What Family Patterns Have You Fallen Back Into?

Proverbs 29:25 – The fear of man lays a snare, but whoever trusts in the Lord is safe.

Florence loved her family, but she and her husband both experienced anxiety as the holidays approached because going back to her parents’ home with all her siblings was like a movie where you go back in time. Her brother, who had always picked on her, would resume his role, thinking he was funny but instead making her feel awkward. Her sister, who had never differentiated and matured, always had some emotional crisis that sucked all the energy of the family in her direction, and the holidays were guaranteed to be her opportunity to tell her tales and shed her tears to get attention. Her younger brother had a falling out with her father, and he moved across the country to cut them off. While the family missed him, no one said anything about his absence because it was awkward. It seemed like year after year, every time her family got together, it was like everyone was reading the same script they had been their entire life.

When a child becomes an adult, leaves their father and mother, and differentiates by launching to live their own life, it can be difficult to re-engage with their birth family because there is an expectation that they would revert back to the role they played in the family growing up. This pressure to revert back to a less mature season of life causes anxiety of many people when they are planning on spending the holidays with extended family or being together at events like weddings, funerals, family dinners, or the birth of new generations. 

Making matters even more complex is a family crisis or emergency where the extended family is forced together suddenly and unexpectedly, along with emotions running high. If the father has a heart attack, mom is diagnosed with cancer, grandpa is diagnosed with Parkinson’s disease, or grandma suddenly develops dementia, the extended family can be emotionally pulled together like gravity and return to an unhealthy family system by reverting back to old and unhealthy roles and relationships complete with relational triangles. 

There are some clues that someone is reverting roles. 

One, when you are with your extended family, do you find most everyone (including yourself) falling back into unhealthy old relational ruts? 

Two, when the extended family is together, it is healthy if there is a combination of sharing positive old memories and catching up on what is going on in life presently. 

Three, what nicknames are used for extended family members are also clues to the degree of health or unhealth in a family system. When an unhealthy family is together, the negative nicknames are used to freeze family members in their past roles, creating an unchangeable identity that others are forced to revert back into. 

If you are in this kind of unhealthy family system you have two options. 

One, you can endure it and be miserable. If you are married, it will be very painful for your spouse to see you mistreated by extended family and reverting back to someone who is different than the person they are married to. If you have children, you will be allowing extended family members to influence your children and future generations of your family negatively. 

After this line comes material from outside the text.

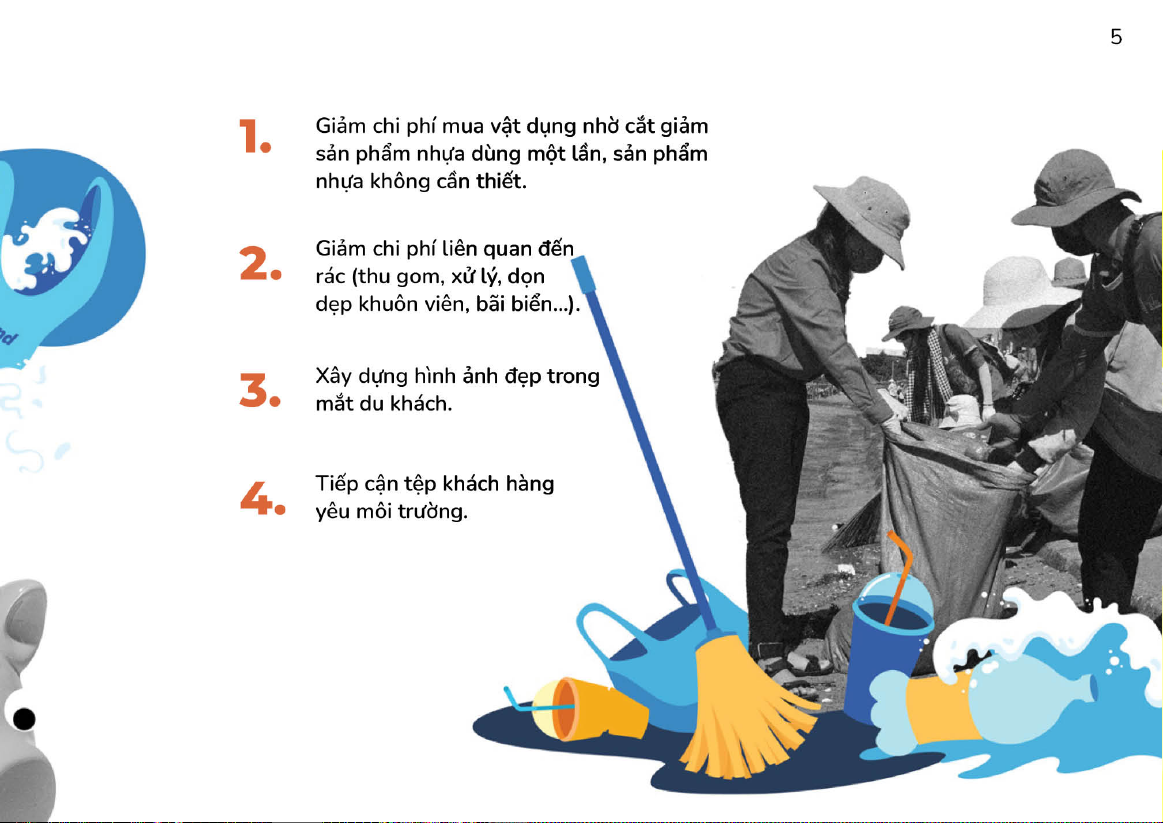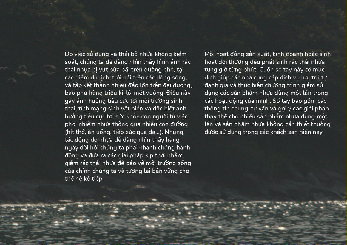 Sổ tay hướng dẫn giảm nhựa cho dịch vụ lưu trú, du lịch: phân loại nhựa, tác động ô nhiễm, giải pháp giảm thiểu, kinh nghiệm thực tiễn.
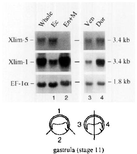 and filters were hybridized with Xlim-5, Xlim-1, and with EF-la as

Two, you can set boundaries, refusing to tolerate mistreatment and unhealth. Many people are reticent to take this risk because they fear the wrath of the extended family member who will triangle to come against them or even being rejected and outcast by the family. 

The book of Proverbs tells us to fear God (1:7) and not to fear man (29:25). What this means is that you are to hold God and His opinion in the highest honor and not allow anyone to replace God and determine who you are. You know this is happening when someone’s opinion or approval means too much to you. If their reactions change your decisions, then there is a problem. If you spend considerable time, energy, or money to appease them and keep them happy even if it makes you unhappy, then there is a problem. If your priority is to be accepted by someone no matter what, and your greatest fear is being rejected, then there is a problem. If you are willing to do what is wrong, or tolerate their wrongdoing, and hurt your relationship with God to protect your relationship with someone, then there is a problem. 

What role did you play with your family growing up such as caregiver, protector, comedian, servant, mediator, favorite, etc.? Was that a role God was calling you to fulfill, and did it help you be a healthier person as a result?